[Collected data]
============================================================

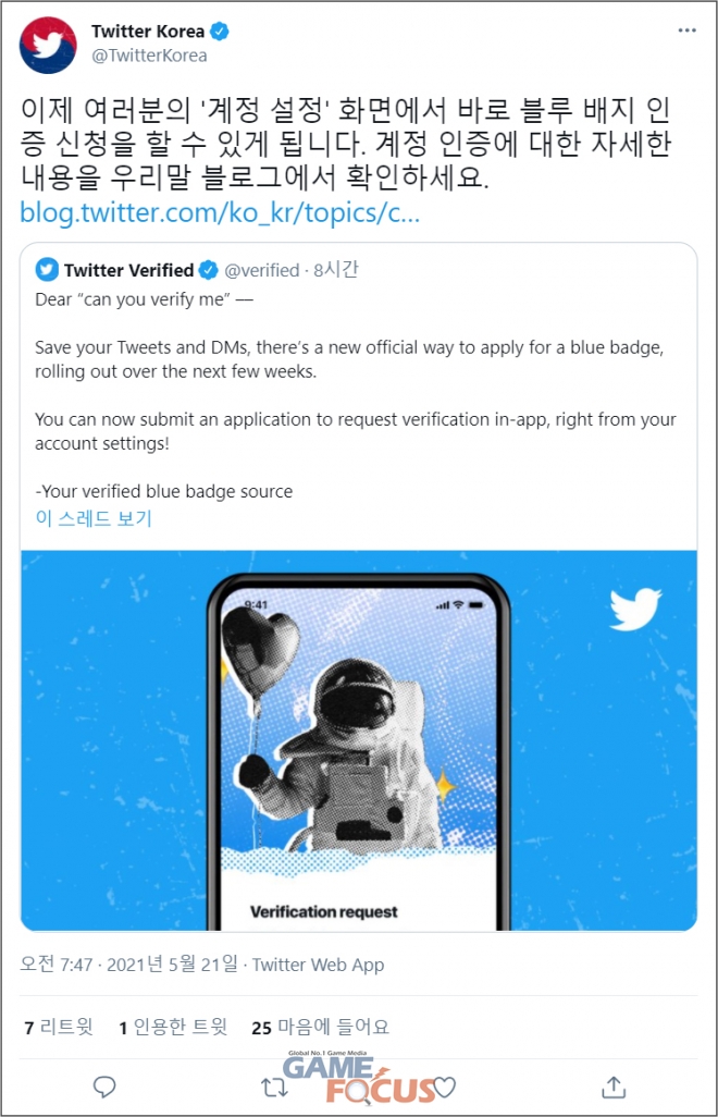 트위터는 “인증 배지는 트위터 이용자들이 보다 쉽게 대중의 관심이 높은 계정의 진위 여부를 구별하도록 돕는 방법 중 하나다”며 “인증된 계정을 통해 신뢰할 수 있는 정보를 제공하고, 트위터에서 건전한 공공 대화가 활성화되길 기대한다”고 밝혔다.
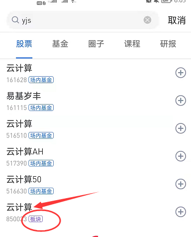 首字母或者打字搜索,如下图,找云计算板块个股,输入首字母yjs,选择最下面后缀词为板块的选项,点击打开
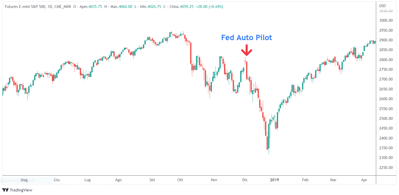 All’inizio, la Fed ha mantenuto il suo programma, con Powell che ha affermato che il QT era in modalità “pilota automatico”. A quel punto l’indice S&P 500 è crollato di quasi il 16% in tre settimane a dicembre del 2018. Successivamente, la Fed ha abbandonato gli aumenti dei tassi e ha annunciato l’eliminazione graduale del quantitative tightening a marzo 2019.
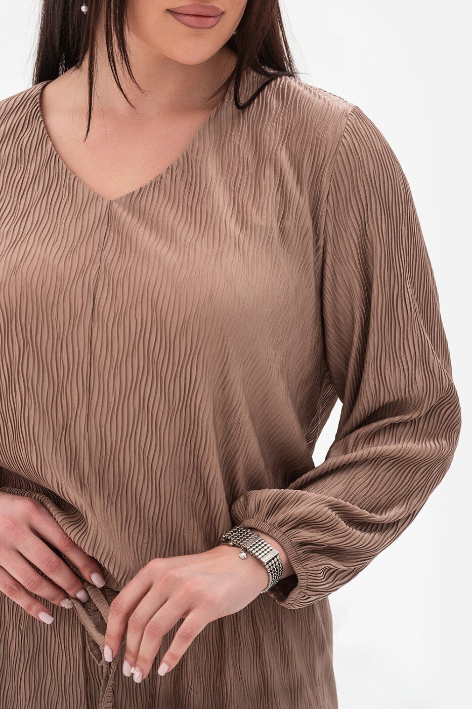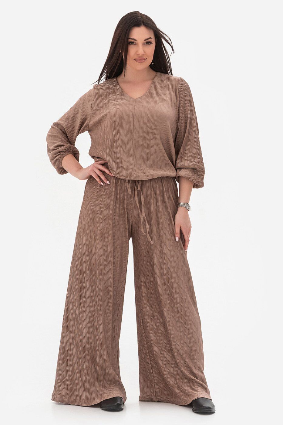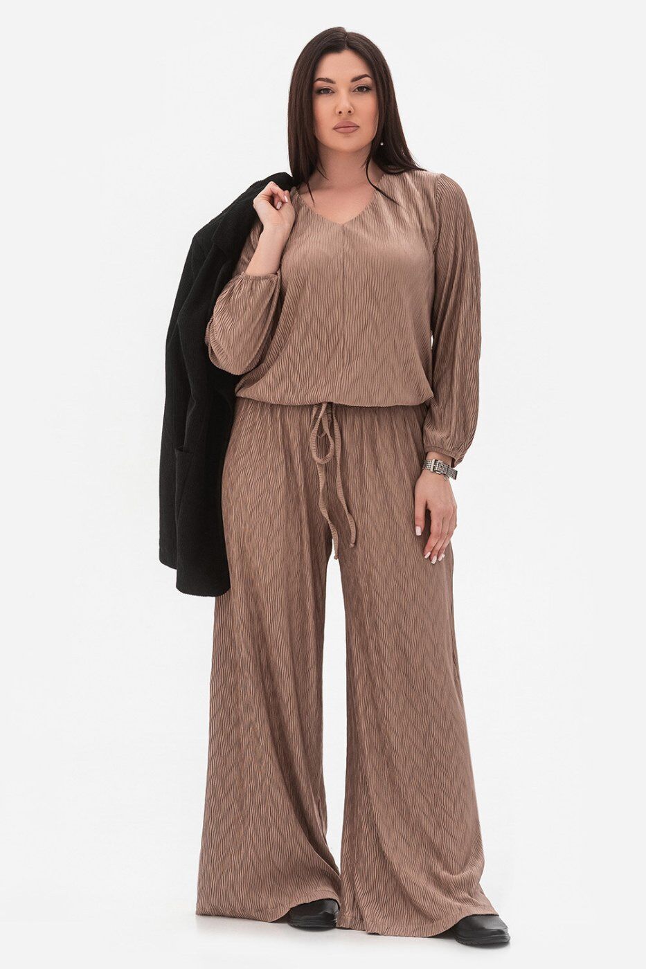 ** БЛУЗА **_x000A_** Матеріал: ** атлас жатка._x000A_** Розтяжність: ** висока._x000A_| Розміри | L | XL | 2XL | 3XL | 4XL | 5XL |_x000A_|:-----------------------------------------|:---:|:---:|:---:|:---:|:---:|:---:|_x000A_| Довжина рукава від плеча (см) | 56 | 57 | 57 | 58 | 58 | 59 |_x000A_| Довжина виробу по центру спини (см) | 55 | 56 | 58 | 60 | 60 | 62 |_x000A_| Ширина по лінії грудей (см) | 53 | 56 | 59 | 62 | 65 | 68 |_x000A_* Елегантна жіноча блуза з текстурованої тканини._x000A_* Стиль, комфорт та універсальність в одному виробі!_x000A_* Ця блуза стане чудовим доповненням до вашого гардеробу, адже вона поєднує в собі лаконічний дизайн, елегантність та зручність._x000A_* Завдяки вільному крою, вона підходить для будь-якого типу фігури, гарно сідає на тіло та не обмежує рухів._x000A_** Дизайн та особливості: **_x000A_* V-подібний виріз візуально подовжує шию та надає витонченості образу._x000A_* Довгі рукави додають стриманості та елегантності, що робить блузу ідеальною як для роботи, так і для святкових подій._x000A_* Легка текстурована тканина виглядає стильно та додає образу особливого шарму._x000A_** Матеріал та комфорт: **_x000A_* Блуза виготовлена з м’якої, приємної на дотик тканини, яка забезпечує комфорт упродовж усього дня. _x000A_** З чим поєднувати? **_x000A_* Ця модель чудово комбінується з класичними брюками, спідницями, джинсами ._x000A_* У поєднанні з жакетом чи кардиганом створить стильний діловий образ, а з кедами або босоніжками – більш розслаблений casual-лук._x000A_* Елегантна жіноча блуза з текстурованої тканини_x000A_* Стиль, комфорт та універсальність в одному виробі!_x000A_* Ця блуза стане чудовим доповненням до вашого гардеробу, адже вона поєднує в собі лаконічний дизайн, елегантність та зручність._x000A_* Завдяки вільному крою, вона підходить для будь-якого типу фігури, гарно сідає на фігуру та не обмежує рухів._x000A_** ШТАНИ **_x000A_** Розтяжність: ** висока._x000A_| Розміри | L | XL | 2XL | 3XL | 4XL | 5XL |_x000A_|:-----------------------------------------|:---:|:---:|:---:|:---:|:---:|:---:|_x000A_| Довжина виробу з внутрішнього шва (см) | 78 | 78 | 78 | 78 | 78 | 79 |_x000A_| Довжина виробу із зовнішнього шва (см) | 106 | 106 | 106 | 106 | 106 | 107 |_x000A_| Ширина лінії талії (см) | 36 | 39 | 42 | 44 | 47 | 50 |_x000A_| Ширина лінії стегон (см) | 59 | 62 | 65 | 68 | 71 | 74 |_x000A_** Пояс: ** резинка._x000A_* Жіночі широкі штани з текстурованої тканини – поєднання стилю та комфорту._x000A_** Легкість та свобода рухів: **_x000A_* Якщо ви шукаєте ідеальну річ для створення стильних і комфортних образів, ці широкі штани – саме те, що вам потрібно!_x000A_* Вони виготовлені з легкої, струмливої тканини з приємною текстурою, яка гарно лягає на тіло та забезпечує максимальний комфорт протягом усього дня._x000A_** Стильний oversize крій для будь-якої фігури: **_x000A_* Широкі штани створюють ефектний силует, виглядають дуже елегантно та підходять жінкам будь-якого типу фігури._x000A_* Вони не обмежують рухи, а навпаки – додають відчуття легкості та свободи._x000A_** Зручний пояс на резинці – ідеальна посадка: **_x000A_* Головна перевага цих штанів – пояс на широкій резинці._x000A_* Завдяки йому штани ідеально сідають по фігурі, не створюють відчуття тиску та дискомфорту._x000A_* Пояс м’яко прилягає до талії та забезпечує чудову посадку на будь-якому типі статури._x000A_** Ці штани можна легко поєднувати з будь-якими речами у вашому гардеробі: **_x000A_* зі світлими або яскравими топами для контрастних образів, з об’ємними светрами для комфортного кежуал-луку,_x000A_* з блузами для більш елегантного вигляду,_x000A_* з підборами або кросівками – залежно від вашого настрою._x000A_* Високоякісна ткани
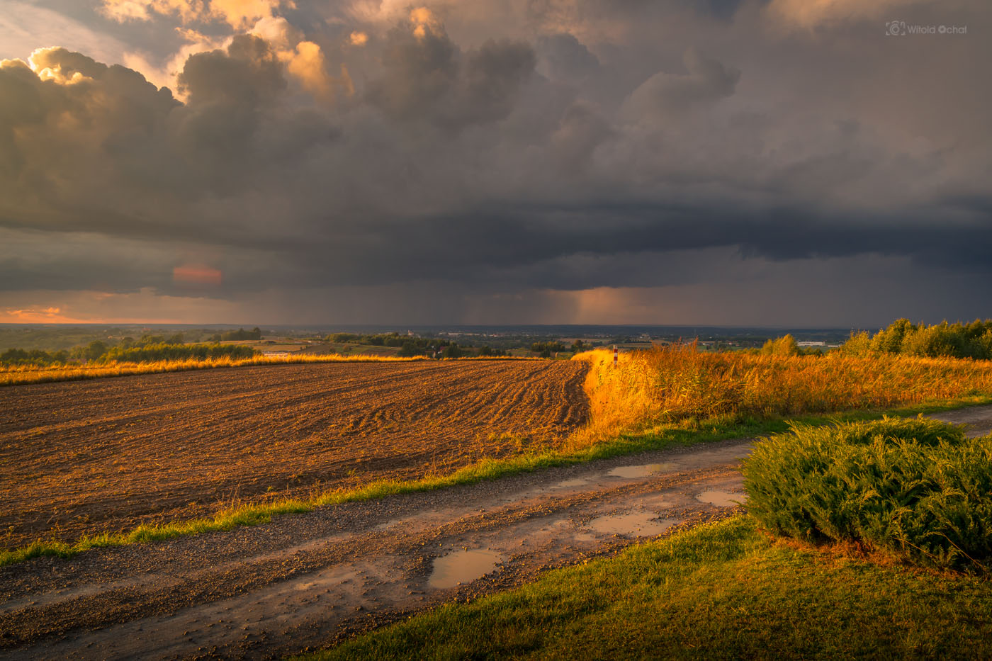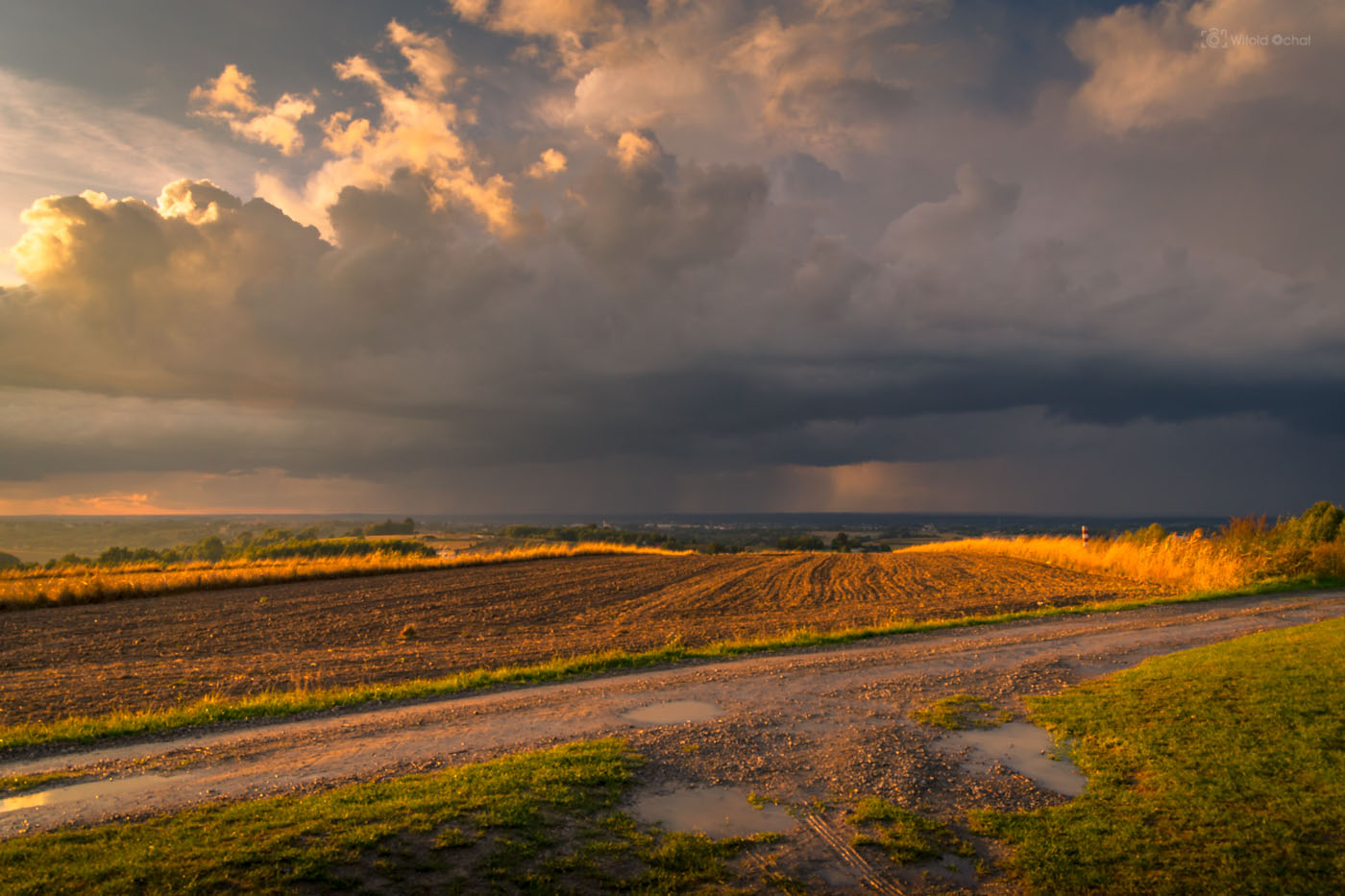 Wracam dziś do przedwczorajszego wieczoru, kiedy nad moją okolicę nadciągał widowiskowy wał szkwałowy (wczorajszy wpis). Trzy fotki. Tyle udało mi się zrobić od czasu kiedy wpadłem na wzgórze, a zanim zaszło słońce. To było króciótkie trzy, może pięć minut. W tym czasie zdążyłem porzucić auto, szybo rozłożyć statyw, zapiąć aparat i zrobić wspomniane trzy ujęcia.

============================================================

Your objective – Verbatim copy, images excluded: transcribe all the entries above.

Solution –
 트위터는 “인증 배지는 트위터 이용자들이 보다 쉽게 대중의 관심이 높은 계정의 진위 여부를 구별하도록 돕는 방법 중 하나다”며 “인증된 계정을 통해 신뢰할 수 있는 정보를 제공하고, 트위터에서 건전한 공공 대화가 활성화되길 기대한다”고 밝혔다.
 首字母或者打字搜索,如下图,找云计算板块个股,输入首字母yjs,选择最下面后缀词为板块的选项,点击打开
 All’inizio, la Fed ha mantenuto il suo programma, con Powell che ha affermato che il QT era in modalità “pilota automatico”. A quel punto l’indice S&P 500 è crollato di quasi il 16% in tre settimane a dicembre del 2018. Successivamente, la Fed ha abbandonato gli aumenti dei tassi e ha annunciato l’eliminazione graduale del quantitative tightening a marzo 2019.
 ** БЛУЗА **_x000A_** Матеріал: ** атлас жатка._x000A_** Розтяжність: ** висока._x000A_| Розміри | L | XL | 2XL | 3XL | 4XL | 5XL |_x000A_|:-----------------------------------------|:---:|:---:|:---:|:---:|:---:|:---:|_x000A_| Довжина рукава від плеча (см) | 56 | 57 | 57 | 58 | 58 | 59 |_x000A_| Довжина виробу по центру спини (см) | 55 | 56 | 58 | 60 | 60 | 62 |_x000A_| Ширина по лінії грудей (см) | 53 | 56 | 59 | 62 | 65 | 68 |_x000A_* Елегантна жіноча блуза з текстурованої тканини._x000A_* Стиль, комфорт та універсальність в одному виробі!_x000A_* Ця блуза стане чудовим доповненням до вашого гардеробу, адже вона поєднує в собі лаконічний дизайн, елегантність та зручність._x000A_* Завдяки вільному крою, вона підходить для будь-якого типу фігури, гарно сідає на тіло та не обмежує рухів._x000A_** Дизайн та особливості: **_x000A_* V-подібний виріз візуально подовжує шию та надає витонченості образу._x000A_* Довгі рукави додають стриманості та елегантності, що робить блузу ідеальною як для роботи, так і для святкових подій._x000A_* Легка текстурована тканина виглядає стильно та додає образу особливого шарму._x000A_** Матеріал та комфорт: **_x000A_* Блуза виготовлена з м’якої, приємної на дотик тканини, яка забезпечує комфорт упродовж усього дня. _x000A_** З чим поєднувати? **_x000A_* Ця модель чудово комбінується з класичними брюками, спідницями, джинсами ._x000A_* У поєднанні з жакетом чи кардиганом створить стильний діловий образ, а з кедами або босоніжками – більш розслаблений casual-лук._x000A_* Елегантна жіноча блуза з текстурованої тканини_x000A_* Стиль, комфорт та універсальність в одному виробі!_x000A_* Ця блуза стане чудовим доповненням до вашого гардеробу, адже вона поєднує в собі лаконічний дизайн, елегантність та зручність._x000A_* Завдяки вільному крою, вона підходить для будь-якого типу фігури, гарно сідає на фігуру та не обмежує рухів._x000A_** ШТАНИ **_x000A_** Розтяжність: ** висока._x000A_| Розміри | L | XL | 2XL | 3XL | 4XL | 5XL |_x000A_|:-----------------------------------------|:---:|:---:|:---:|:---:|:---:|:---:|_x000A_| Довжина виробу з внутрішнього шва (см) | 78 | 78 | 78 | 78 | 78 | 79 |_x000A_| Довжина виробу із зовнішнього шва (см) | 106 | 106 | 106 | 106 | 106 | 107 |_x000A_| Ширина лінії талії (см) | 36 | 39 | 42 | 44 | 47 | 50 |_x000A_| Ширина лінії стегон (см) | 59 | 62 | 65 | 68 | 71 | 74 |_x000A_** Пояс: ** резинка._x000A_* Жіночі широкі штани з текстурованої тканини – поєднання стилю та комфорту._x000A_** Легкість та свобода рухів: **_x000A_* Якщо ви шукаєте ідеальну річ для створення стильних і комфортних образів, ці широкі штани – саме те, що вам потрібно!_x000A_* Вони виготовлені з легкої, струмливої тканини з приємною текстурою, яка гарно лягає на тіло та забезпечує максимальний комфорт протягом усього дня._x000A_** Стильний oversize крій для будь-якої фігури: **_x000A_* Широкі штани створюють ефектний силует, виглядають дуже елегантно та підходять жінкам будь-якого типу фігури._x000A_* Вони не обмежують рухи, а навпаки – додають відчуття легкості та свободи._x000A_** Зручний пояс на резинці – ідеальна посадка: **_x000A_* Головна перевага цих штанів – пояс на широкій резинці._x000A_* Завдяки йому штани ідеально сідають по фігурі, не створюють відчуття тиску та дискомфорту._x000A_* Пояс м’яко прилягає до талії та забезпечує чудову посадку на будь-якому типі статури._x000A_** Ці штани можна легко поєднувати з будь-якими речами у вашому гардеробі: **_x000A_* зі світлими або яскравими топами для контрастних образів, з об’ємними светрами для комфортного кежуал-луку,_x000A_* з блузами для більш елегантного вигляду,_x000A_* з підборами або кросівками – залежно від вашого настрою._x000A_* Високоякісна ткани
 Wracam dziś do przedwczorajszego wieczoru, kiedy nad moją okolicę nadciągał widowiskowy wał szkwałowy (wczorajszy wpis). Trzy fotki. Tyle udało mi się zrobić od czasu kiedy wpadłem na wzgórze, a zanim zaszło słońce. To było króciótkie trzy, może pięć minut. W tym czasie zdążyłem porzucić auto, szybo rozłożyć statyw, zapiąć aparat i zrobić wspomniane trzy ujęcia.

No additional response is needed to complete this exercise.